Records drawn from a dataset
------------------------------------

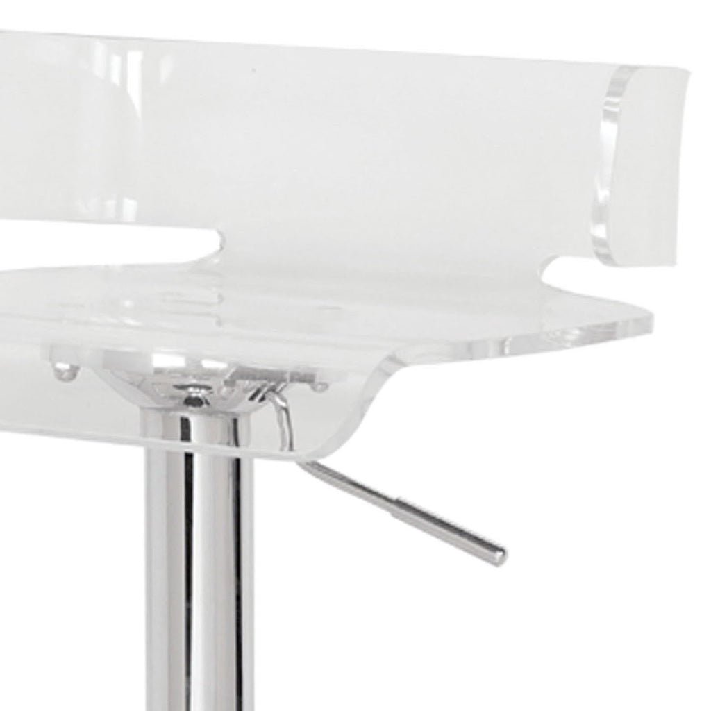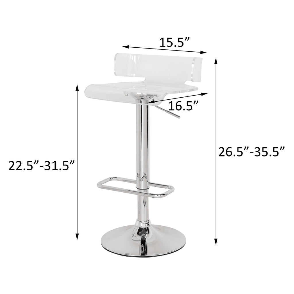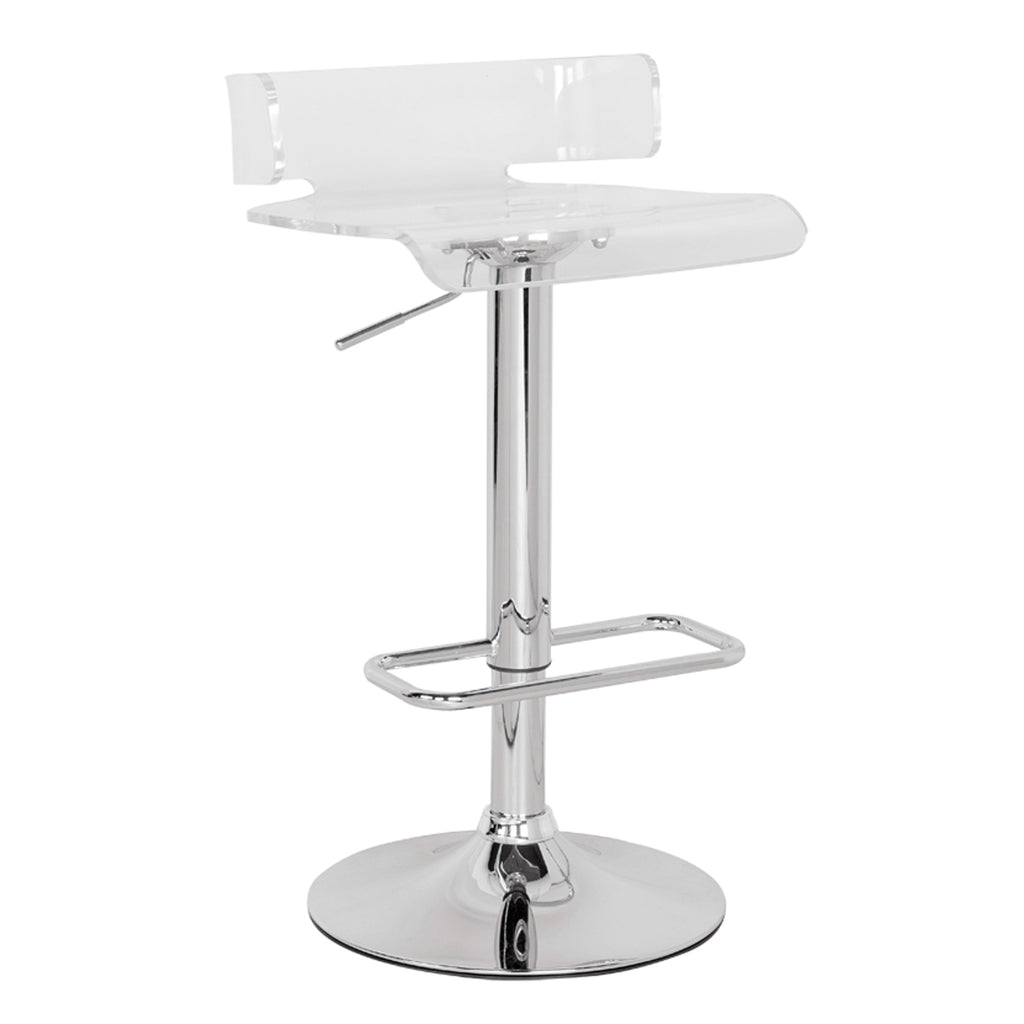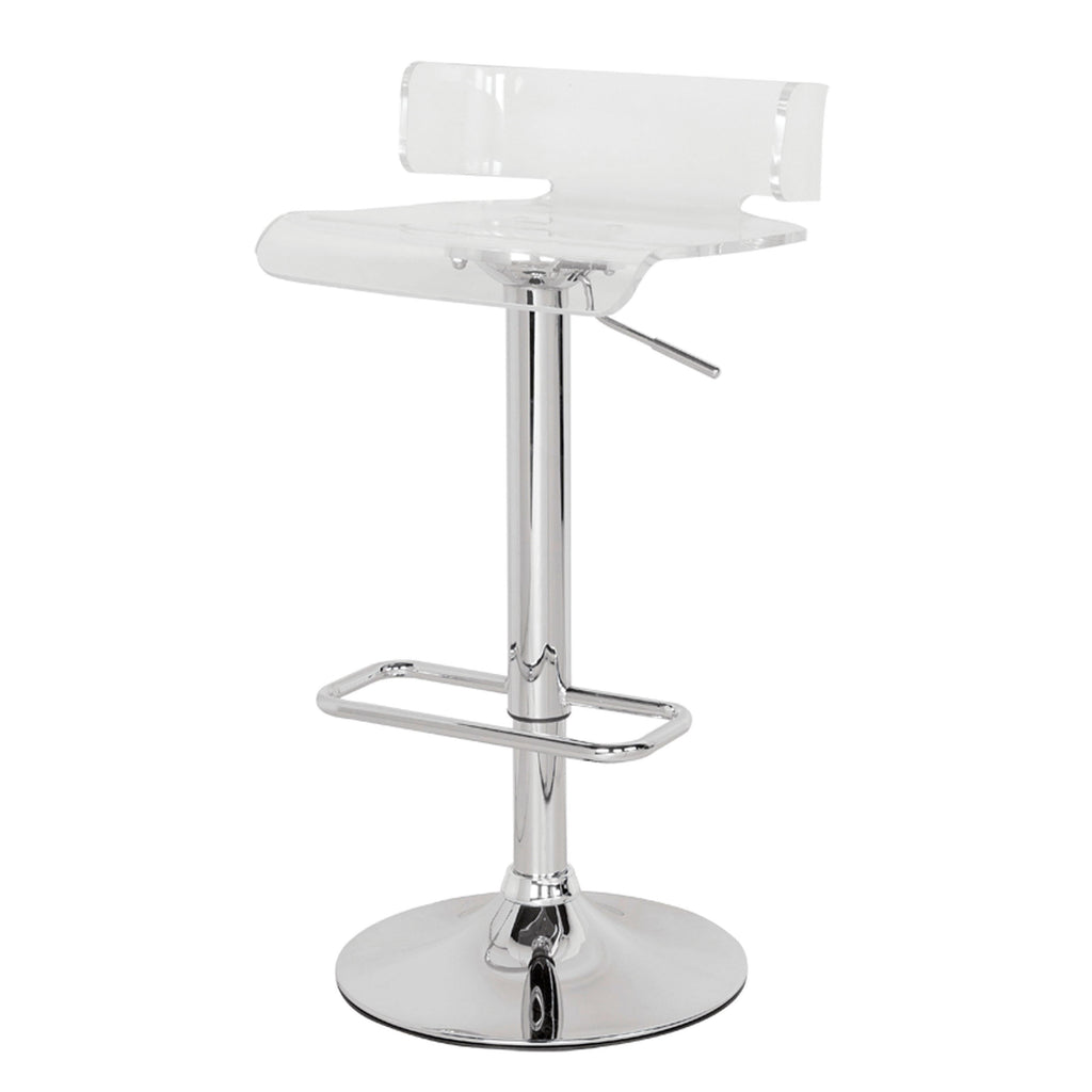 Discover modern comfort with our adjustable stool, featuring a sleek acrylic seat and a low backrest for stylish support. With a 360⁰ swivel seat and adjustable height lift, this stool is complemented by a sturdy metal base and footrest, all set on an ABS round base for stability and contemporary flair.
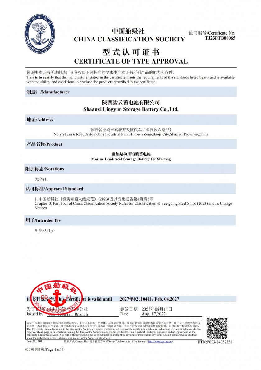 通過CCS中國船級社型式認證
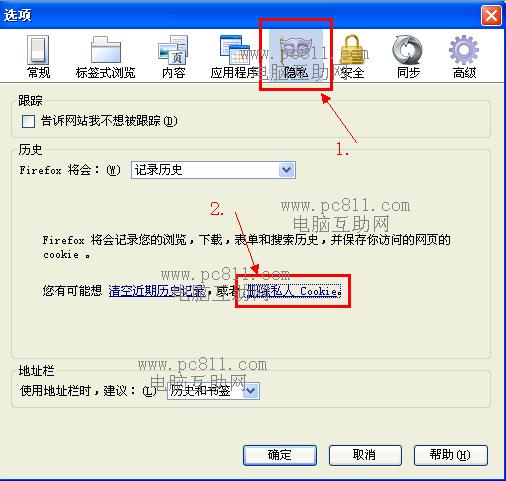 第2步:在打开的火狐浏览器选项窗口中单击“隐私”选项卡,在隐私选项卡中找到并单击“删除私人Cookie”此连接。
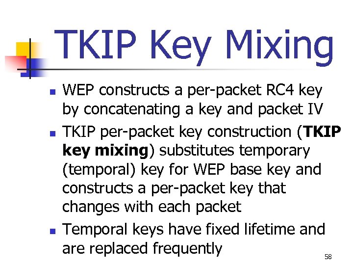TKIP Key Mixing n n n WEP constructs a per-packet RC 4 key by concatenating a key and packet IV TKIP per-packet key construction (TKIP key mixing) substitutes temporary (temporal) key for WEP base key and constructs a per-packet key that changes with each packet Temporal keys have fixed lifetime and are replaced frequently 58
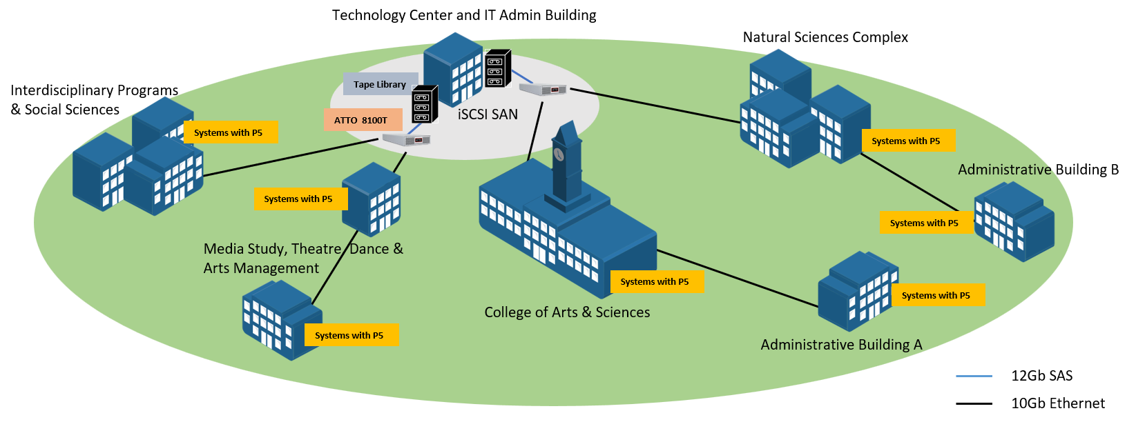 An ATTO XstreamCORE 8100T bridge sits between a SAS LTO tape library and the network, allowing Archiware P5 to access the tape library over Ethernet via iSCSI. Within P5 the tape drives are presented just like any other direct-attached SAS device. Archiware P5’s built-in support for tape libraries and multiple drives, and job scheduling made it easy to manage simultaneous backup and archive tasks from different departments while the 8100T facilitated centralized operation and management of the tape system. The university’s IT department had full visibility and control over all tape jobs, eliminating the need for multiple standalone backup systems or complexities associated with managing direct-SAS connections. This reduced operational overhead and costs and also enabled the implementation of an offline backup strategy aligned with the university’s cybersecurity and risk management policies.
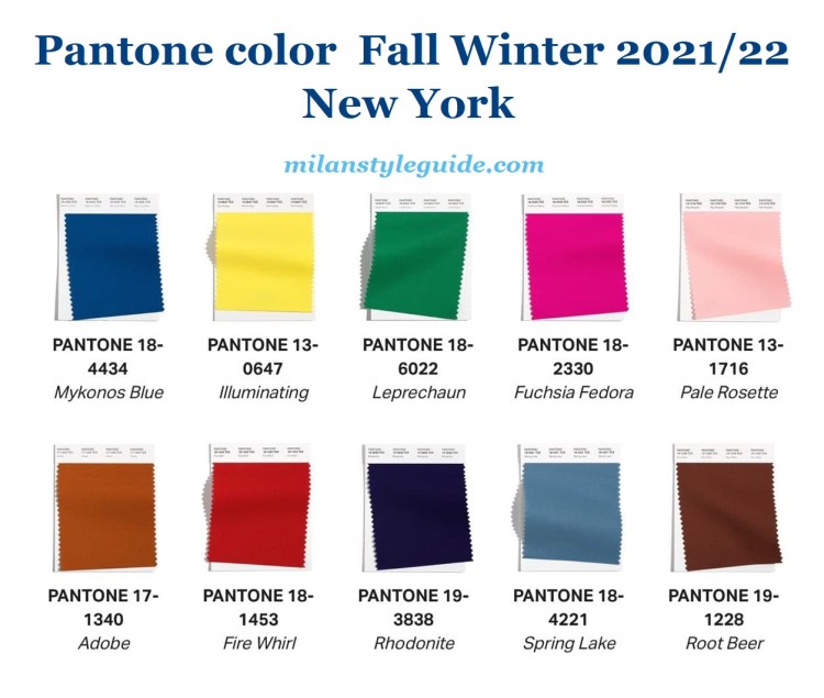 Классическая палитра модных цветов Pantone Fall/Winter 2021-2022 NY
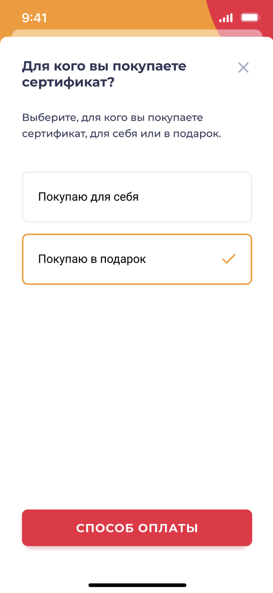 1. Вы можете купить сертификат в подарок либо подарить уже купленный ранее сертификат. При покупке сертификата, выберите "Покупаю в подарок". Дальше укажите номер телефона получателя. Также при желании вы можете указать поздравительное сообщение:
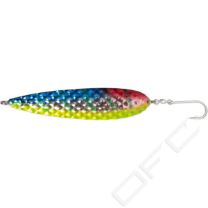 After the successful launch of the Salty Diamond in size XL for salmon fishing, many anglers now want to use its successful colours for sea trout and cod fishing as well. For these species smaller baits are used, as they more closely resemble the preferred prey pattern. That is why we have now added the Salty in size M as well. The special structure of the spoon is visually highly attractive to the predators
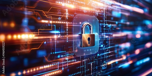The watermark will not be included on Wall mural.: Digital security concept with lock symbol, data protection visualization, secure network technology,
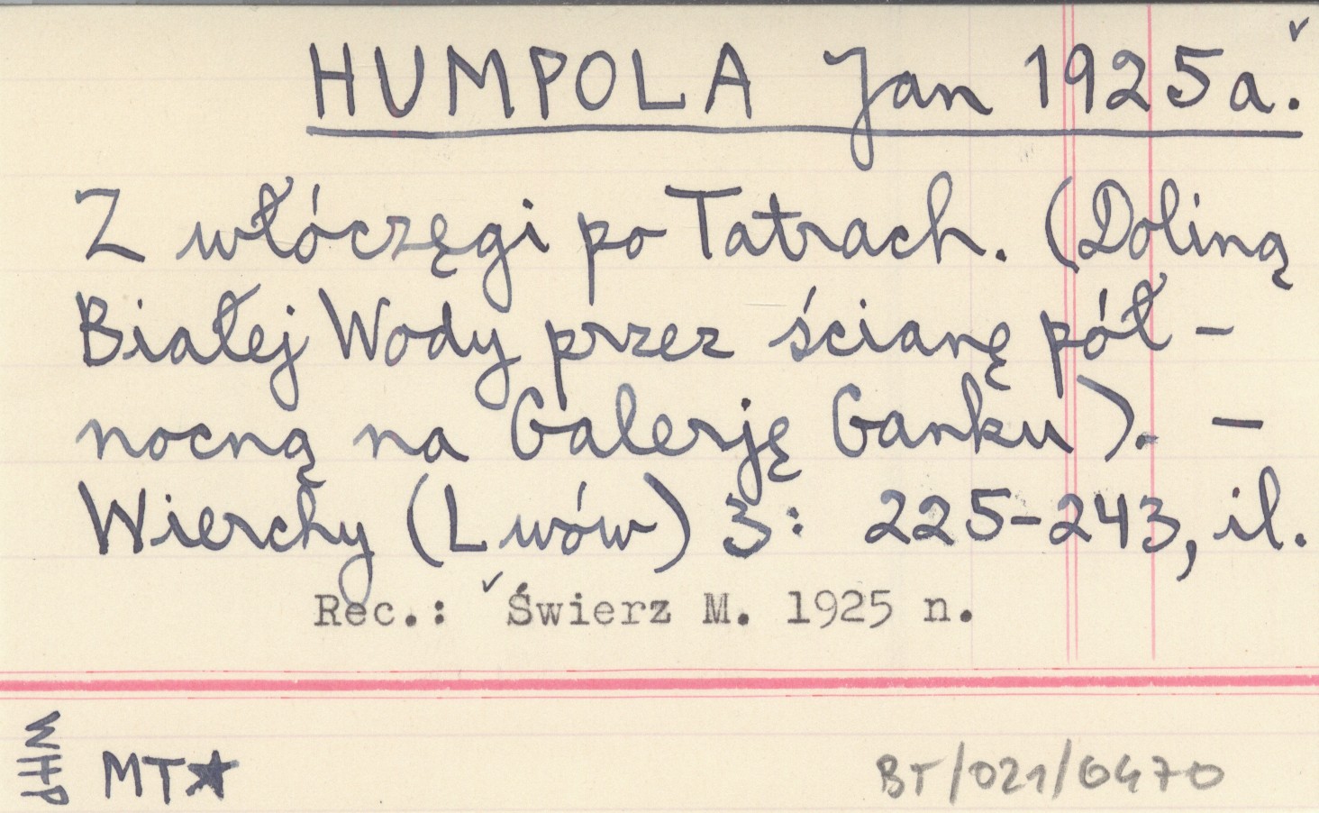 HUMPOLA Jan 1925 a Z włóczęgi po Tatrach. (Doliną Białej Wody przez ścianę północną na Galerję Ganku).
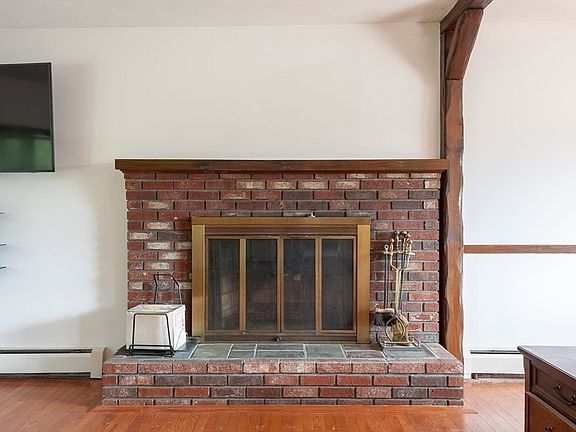 Seekonk- North End: A most unique property set on private 1-1/2 acre lot with separate detached garage/outbuilding. The dwelling has brick front with columned porch, rear composite deck, and 2car basement garage. The main level includes a living room (fireplace), dining room, kitchen, 2 bedrooms, hall bath, and a third bedroom with private bath. The lower level has a large rec room with fireplace/bar, lavette, laundry/utility room, and garages. Recent improvements include a new furnace, water heater, hardwood floors, redecorated bedrooms, and a new heating fuel tank. The home is set back from the road with front wooded buffer affording privacy but with a spacious yard and ample parking. The location has a rural feel but only minutes to highways/conveniences. New septic installed prior to closing! To settle estate.
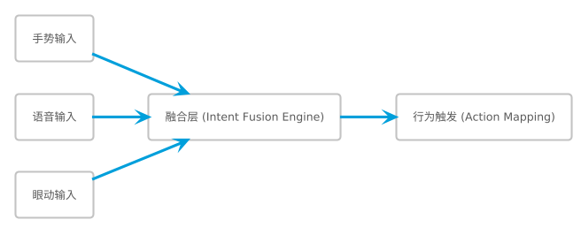 多模态融合(Multimodal Fusion)是将手势、语音、视线、头部姿态等多种输入信号综合判断用户意图的技术。
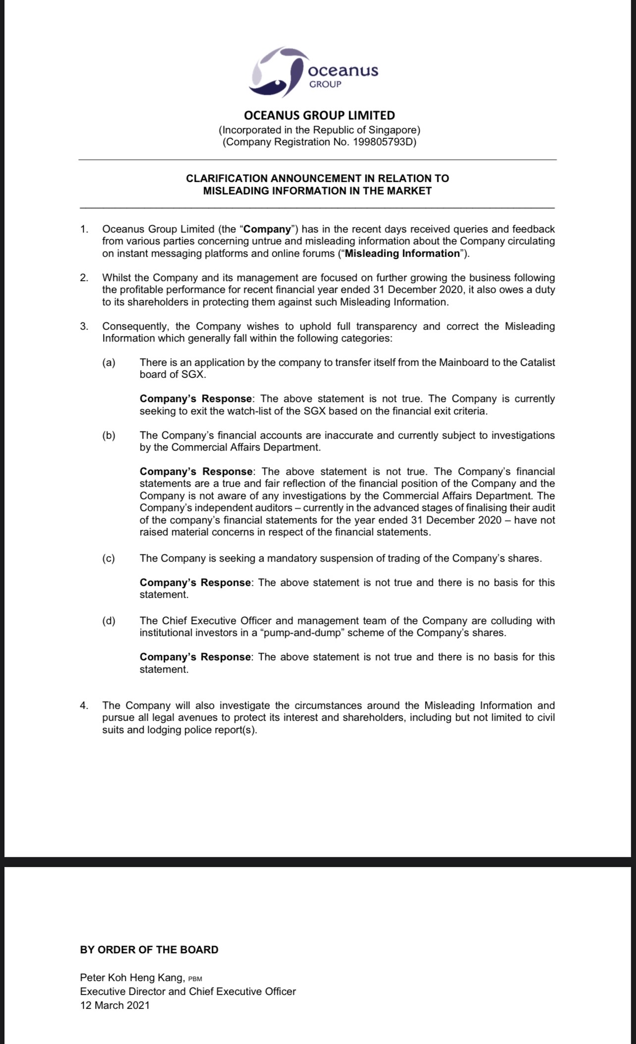 $OCEANUS GROUP LIMITED(579.SI)$Clarification of “fake news” by Oceanus
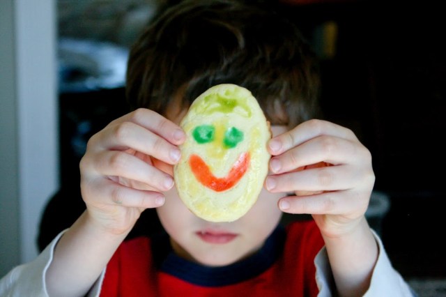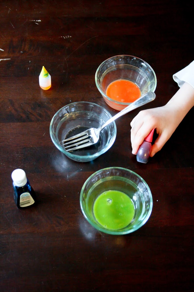 Egg yolk paint: Whisk 1 egg yolk with 1/4 tsp water. Divide into several small bowls and tint with food colouring as desired.
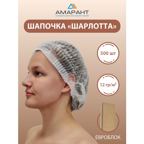 Шапочка Амарант "Шарлотта" в евроблоке, одноразовая, белая, 500 штук - это удобный и практичный головной убор для всех, кто ценит комфорт и безопасность. Наша шапочка выполнена из высококачественного материала - нетканого полотна, которое обладает множеством преимуществ. Она гипоаллергенна, экологична, водонепроницаема, воздухопроницаема, устойчива к механическим и химическим воздействиям, имеет антистатические свойства и защищает от пыли и ветра.

------------------------------------

Task details:
Give the data again exactly as written, with no pictures included.

Response area:
 Discover modern comfort with our adjustable stool, featuring a sleek acrylic seat and a low backrest for stylish support. With a 360⁰ swivel seat and adjustable height lift, this stool is complemented by a sturdy metal base and footrest, all set on an ABS round base for stability and contemporary flair.
 通過CCS中國船級社型式認證
 第2步:在打开的火狐浏览器选项窗口中单击“隐私”选项卡,在隐私选项卡中找到并单击“删除私人Cookie”此连接。
TKIP Key Mixing n n n WEP constructs a per-packet RC 4 key by concatenating a key and packet IV TKIP per-packet key construction (TKIP key mixing) substitutes temporary (temporal) key for WEP base key and constructs a per-packet key that changes with each packet Temporal keys have fixed lifetime and are replaced frequently 58
 An ATTO XstreamCORE 8100T bridge sits between a SAS LTO tape library and the network, allowing Archiware P5 to access the tape library over Ethernet via iSCSI. Within P5 the tape drives are presented just like any other direct-attached SAS device. Archiware P5’s built-in support for tape libraries and multiple drives, and job scheduling made it easy to manage simultaneous backup and archive tasks from different departments while the 8100T facilitated centralized operation and management of the tape system. The university’s IT department had full visibility and control over all tape jobs, eliminating the need for multiple standalone backup systems or complexities associated with managing direct-SAS connections. This reduced operational overhead and costs and also enabled the implementation of an offline backup strategy aligned with the university’s cybersecurity and risk management policies.
 Классическая палитра модных цветов Pantone Fall/Winter 2021-2022 NY
 1. Вы можете купить сертификат в подарок либо подарить уже купленный ранее сертификат. При покупке сертификата, выберите "Покупаю в подарок". Дальше укажите номер телефона получателя. Также при желании вы можете указать поздравительное сообщение:
 After the successful launch of the Salty Diamond in size XL for salmon fishing, many anglers now want to use its successful colours for sea trout and cod fishing as well. For these species smaller baits are used, as they more closely resemble the preferred prey pattern. That is why we have now added the Salty in size M as well. The special structure of the spoon is visually highly attractive to the predators
The watermark will not be included on Wall mural.: Digital security concept with lock symbol, data protection visualization, secure network technology,
 HUMPOLA Jan 1925 a Z włóczęgi po Tatrach. (Doliną Białej Wody przez ścianę północną na Galerję Ganku).
 Seekonk- North End: A most unique property set on private 1-1/2 acre lot with separate detached garage/outbuilding. The dwelling has brick front with columned porch, rear composite deck, and 2car basement garage. The main level includes a living room (fireplace), dining room, kitchen, 2 bedrooms, hall bath, and a third bedroom with private bath. The lower level has a large rec room with fireplace/bar, lavette, laundry/utility room, and garages. Recent improvements include a new furnace, water heater, hardwood floors, redecorated bedrooms, and a new heating fuel tank. The home is set back from the road with front wooded buffer affording privacy but with a spacious yard and ample parking. The location has a rural feel but only minutes to highways/conveniences. New septic installed prior to closing! To settle estate.
 多模态融合(Multimodal Fusion)是将手势、语音、视线、头部姿态等多种输入信号综合判断用户意图的技术。
 $OCEANUS GROUP LIMITED(579.SI)$Clarification of “fake news” by Oceanus
 Egg yolk paint: Whisk 1 egg yolk with 1/4 tsp water. Divide into several small bowls and tint with food colouring as desired.
 Шапочка Амарант "Шарлотта" в евроблоке, одноразовая, белая, 500 штук - это удобный и практичный головной убор для всех, кто ценит комфорт и безопасность. Наша шапочка выполнена из высококачественного материала - нетканого полотна, которое обладает множеством преимуществ. Она гипоаллергенна, экологична, водонепроницаема, воздухопроницаема, устойчива к механическим и химическим воздействиям, имеет антистатические свойства и защищает от пыли и ветра.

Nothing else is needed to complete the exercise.